**Exercise prompt:**
In the entries below, which lines run from the one with "2021年第一季度L2級實際" through the one with "雅安市大興生態(tài)旅游"? Repeat exactly those, both included, and no pictures.
START Data listing
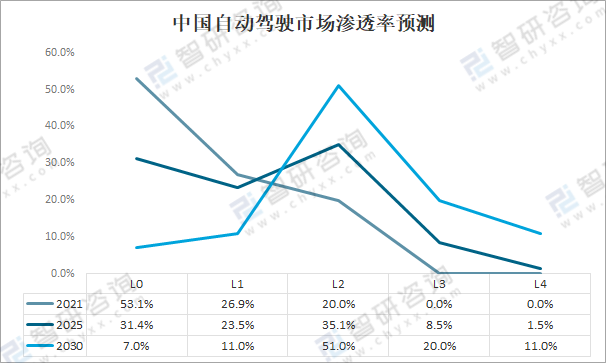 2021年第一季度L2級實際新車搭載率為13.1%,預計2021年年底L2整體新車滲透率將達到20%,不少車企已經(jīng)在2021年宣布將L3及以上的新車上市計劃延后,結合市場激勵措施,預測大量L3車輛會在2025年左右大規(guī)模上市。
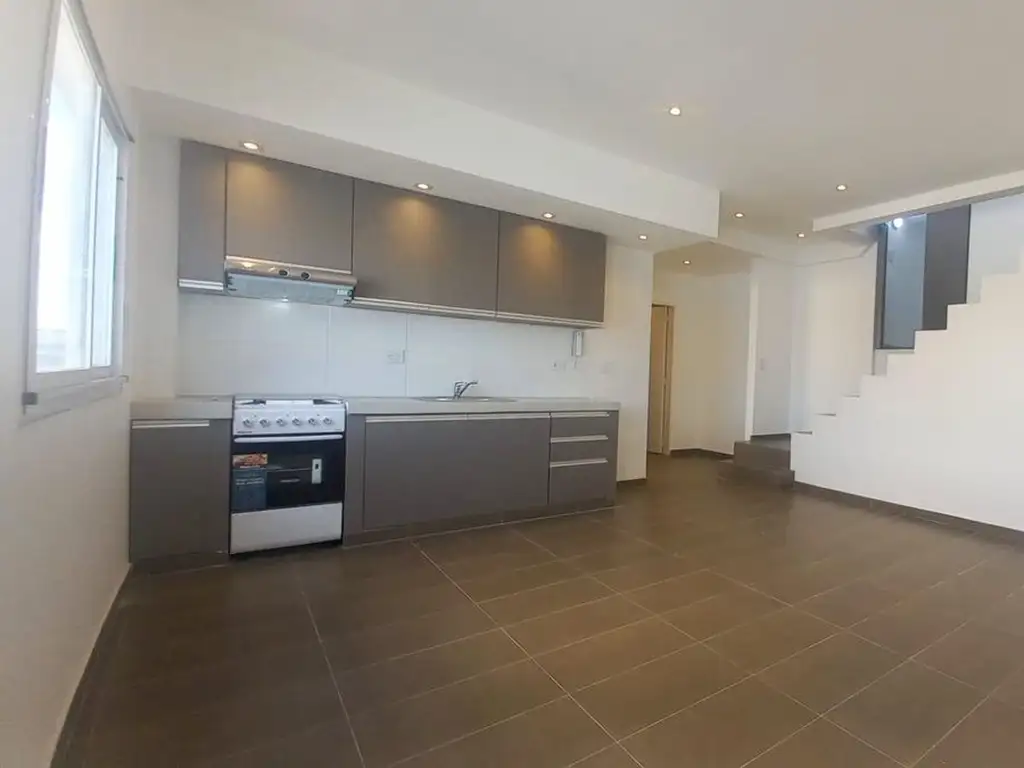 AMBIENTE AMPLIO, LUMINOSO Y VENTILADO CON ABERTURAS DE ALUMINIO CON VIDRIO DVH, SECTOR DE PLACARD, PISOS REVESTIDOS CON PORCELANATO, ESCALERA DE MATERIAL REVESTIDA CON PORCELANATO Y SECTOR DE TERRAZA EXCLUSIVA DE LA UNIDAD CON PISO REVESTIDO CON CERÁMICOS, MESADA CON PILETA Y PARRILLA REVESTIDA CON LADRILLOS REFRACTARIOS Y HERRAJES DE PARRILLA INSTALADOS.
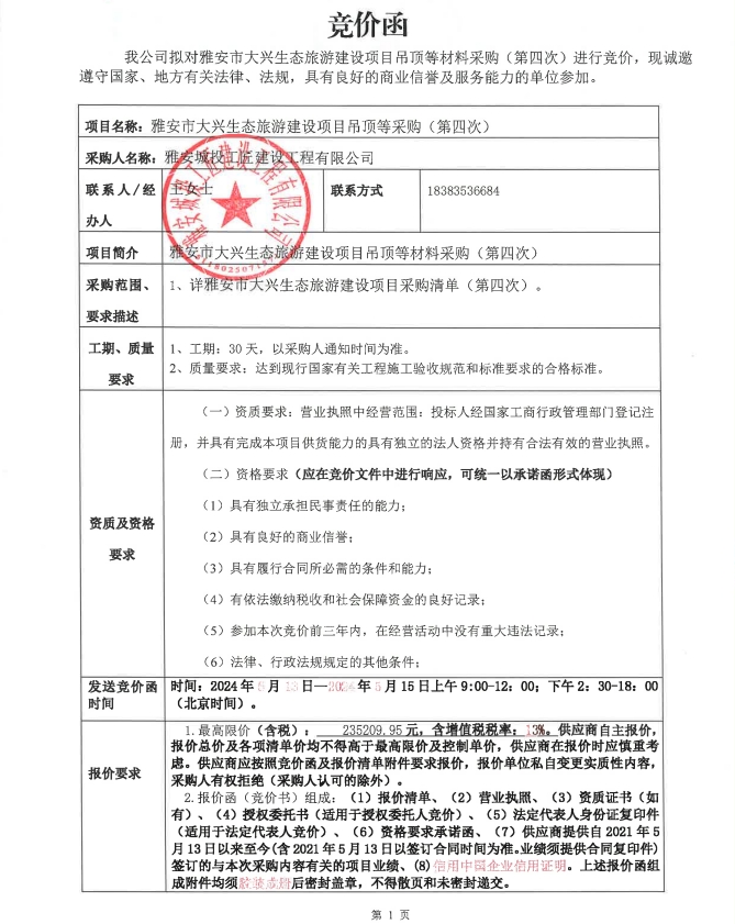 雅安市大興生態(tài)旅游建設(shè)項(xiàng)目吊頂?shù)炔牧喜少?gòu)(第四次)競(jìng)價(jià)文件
END Data listing
START Data listing
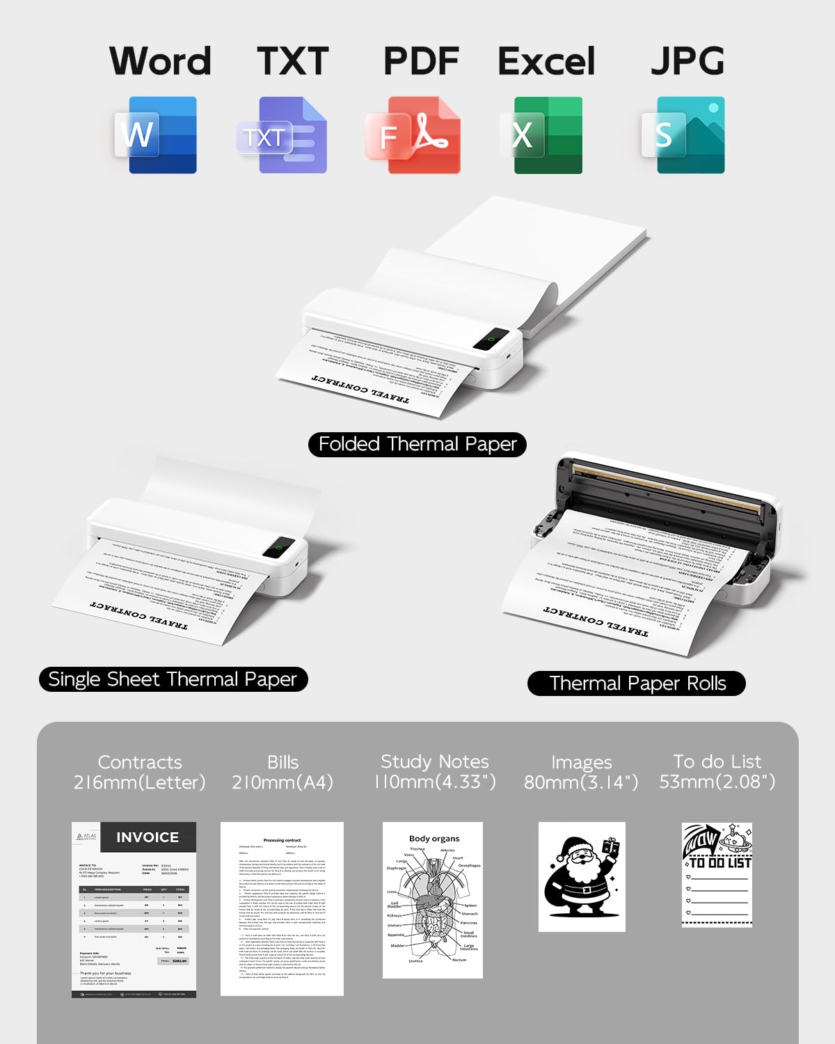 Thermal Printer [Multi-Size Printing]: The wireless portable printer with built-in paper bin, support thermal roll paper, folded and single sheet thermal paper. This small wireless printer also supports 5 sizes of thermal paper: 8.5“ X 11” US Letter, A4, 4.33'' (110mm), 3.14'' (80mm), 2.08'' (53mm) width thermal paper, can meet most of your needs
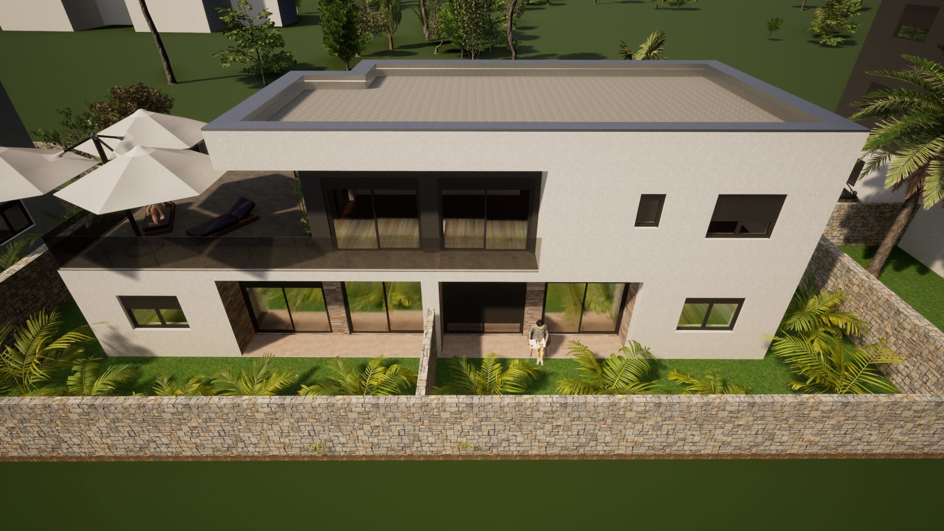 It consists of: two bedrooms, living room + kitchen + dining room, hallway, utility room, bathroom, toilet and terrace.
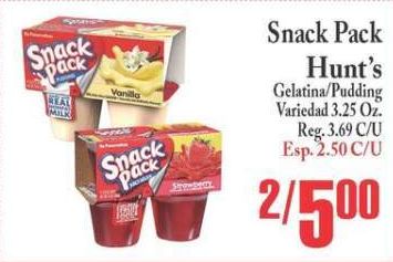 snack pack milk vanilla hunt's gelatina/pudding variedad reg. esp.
END Data listing
**Result of the exercise:**
 2021年第一季度L2級實際新車搭載率為13.1%,預計2021年年底L2整體新車滲透率將達到20%,不少車企已經(jīng)在2021年宣布將L3及以上的新車上市計劃延后,結合市場激勵措施,預測大量L3車輛會在2025年左右大規(guī)模上市。
 AMBIENTE AMPLIO, LUMINOSO Y VENTILADO CON ABERTURAS DE ALUMINIO CON VIDRIO DVH, SECTOR DE PLACARD, PISOS REVESTIDOS CON PORCELANATO, ESCALERA DE MATERIAL REVESTIDA CON PORCELANATO Y SECTOR DE TERRAZA EXCLUSIVA DE LA UNIDAD CON PISO REVESTIDO CON CERÁMICOS, MESADA CON PILETA Y PARRILLA REVESTIDA CON LADRILLOS REFRACTARIOS Y HERRAJES DE PARRILLA INSTALADOS.
 雅安市大興生態(tài)旅游建設(shè)項(xiàng)目吊頂?shù)炔牧喜少?gòu)(第四次)競(jìng)價(jià)文件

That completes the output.